Container with the Most Water - Code Challenge

Posted by Annette on July 6, 2019

Leetcode Problem 11

This problem is pretty straight forward.

Given an array of heights, find the two indices that could contain the most water between them.

Generally there are two ways of solving this, the brute force method, and the two pointer method.

Brute Force

This method will calculate every possible combination possible to determine the answer. This requires a nested loop resulting in a complexity of O(n^2).

Javascript


var maxArea = function(height) {
    let mostWater = 0
    
    for (let l = 0; l < height.length - 1; l++) {
        for (let r = height.length - 1; r > l; r--) {
            mostWater = Math.max(mostWater, (Math.min(height[l], height[r])*(r-l)))
        }        
    }
    return mostWater
}

A better way of doing this is to utilize two pointers.

Two Pointer Method

For this method we utilize two pointers that are placed on opposite ends of the array to iterate through once resulting in a time complexity of O(n). The area between the current left (l) and right (r) indexes and if the area is larger than the current max, it is set as max.
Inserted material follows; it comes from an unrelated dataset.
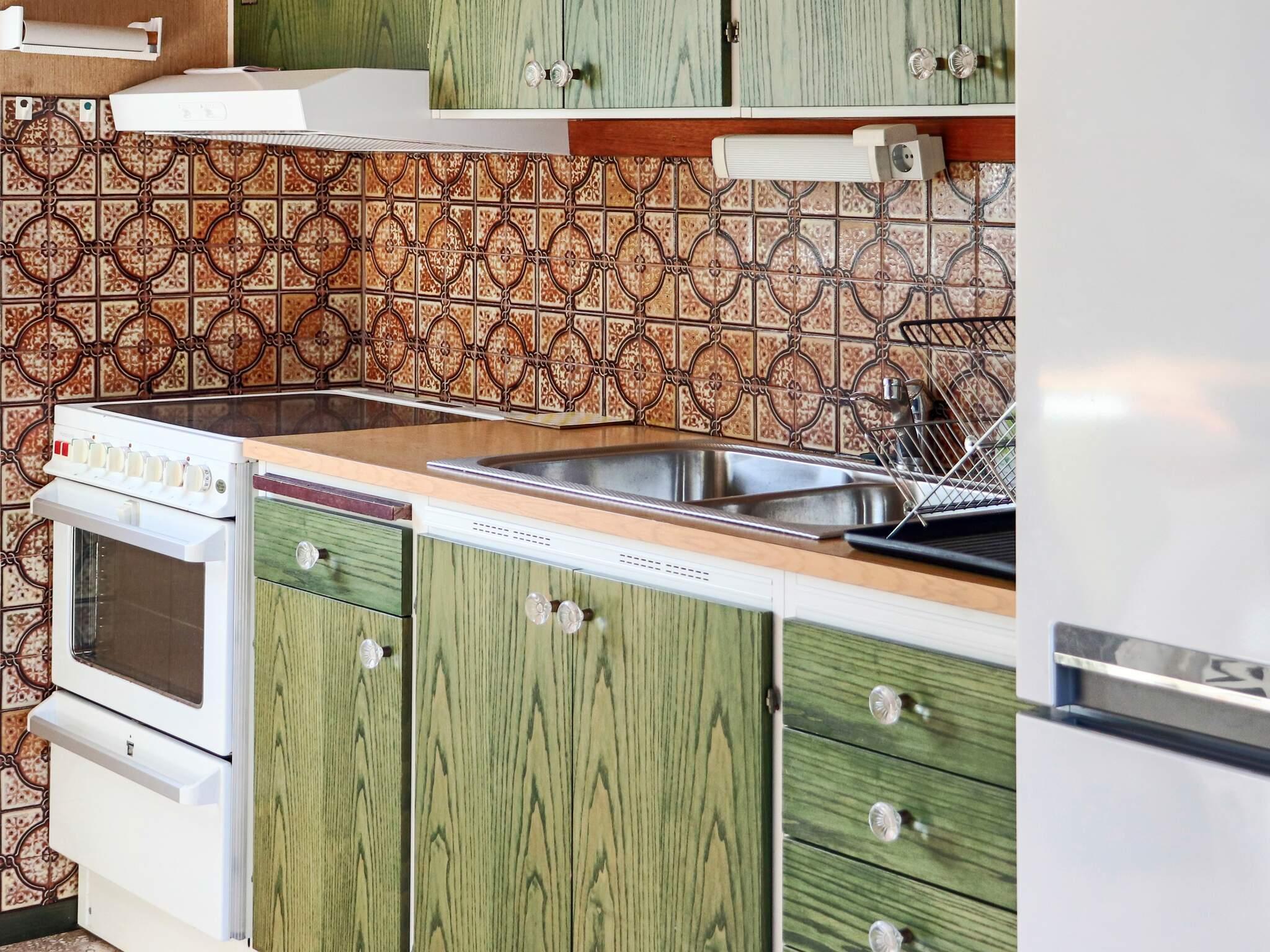 Kjøkken: El-komfyr, kjøl/frys, mikro, kaffetrakter

The indices are moved based on which one is smaller or if equal the left one in this situation. It is arbitrary which is checked in the if statement.

Javascript

var maxArea = function(height) {
    let max = 0
    
    let l = 0
    let r = height.length - 1
    
    while (l < r) {
        if (height[l] > height[r]) {
            mostWater = Math.max(height[r] * (r-l), max)
            r--
        } else {
            mostWater = Math.max(height[l] * (r-l), max)
            l++ 
        }       
    }
    
    return max
};

In Ruby…

def max_area(height)
    max_area = 0
    
    l_idx = 0
    r_idx = height.length - 1
    
    while (r_idx > l_idx)  
        if height[r_idx] >= height[l_idx]
            max_area = [(height[l_idx] * (r_idx - l_idx)), max_area].max
            l_idx += 1
        else 
            max_area = [(height[r_idx] * (r_idx - l_idx)), max_area].max
            r_idx -= 1
        end        
    end
    
    return max_area
end